There is a product called "Goof Off" that will work on goop and lexel. No harm to the plastic.

You can use acetong if you put it on a rag first then rub. Pour it directly on the yak and you got trouble.


----------



## Rockstar (Jun 23, 2004)

Thanks guys, just what I needed to hear.


----------



## sprtsracer (Apr 27, 2005)

ruthless said:


> There is a product called "Goof Off" that will work on goop and lexel. No harm to the plastic.
> 
> You can use acetong if you put it on a rag first then rub. Pour it directly on the yak and you got trouble.


Yes...but be careful, there are two similar products. One is the "Goof Off" which should be safe, and the other is called, I think, "Goo-Gone" or something like that. That Goo-Gone stuff will eat through plastic like nobody's business!


----------



## ruthless (Sep 5, 2003)

Goof Off is solvent based, but if you put it on a rag and wipe, it will not hurt the plastic, just like acetone, xylene, etc.

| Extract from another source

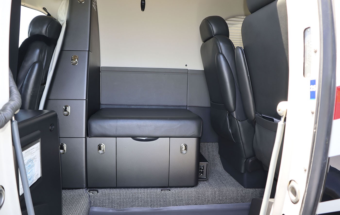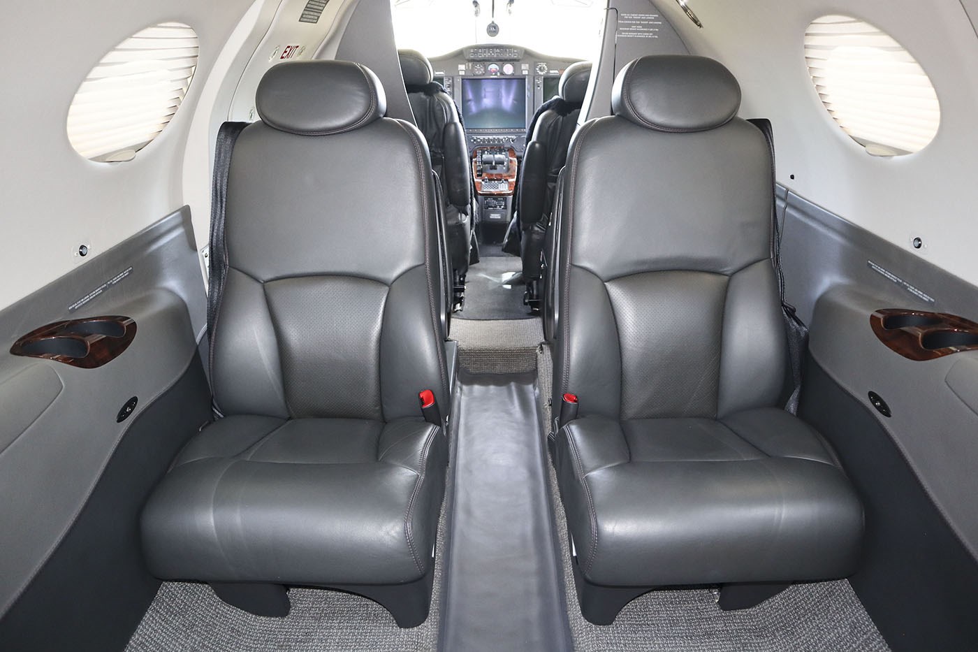 Custom Smoky Quartz Interior Color Scheme with leather topped tables and leather sidewalls. (New 10/31/2019). Cabin Cabin seating for 4 passengers Left-hand and right-hand forward storage cabinets Dual executive tables Aft center console Forward side-facing non-belted toilet |

Goo Gone is citrus and petrolium based, it will also work and you can pour it directly on th plastic.

I have used both on kayaks.


----------



## sprtsracer (Apr 27, 2005)

ruthless said:


> Goof Off is solvent based, but if you put it on a rag and wipe, it will not hurt the plastic, just like acetone, xylene, etc.
> 
> Goo Gone is citrus and petrolium based, it will also work and you can pour it directly on th plastic.
> 
> I have used both on kayaks.


OK...got the two confused. Too many darn "G"'s! I knew one ate plastic and the other one didn't. Never could keep them straight. Glad you clarified that or I would have eaten the paint off my car removing the pin-stripes!!!


----------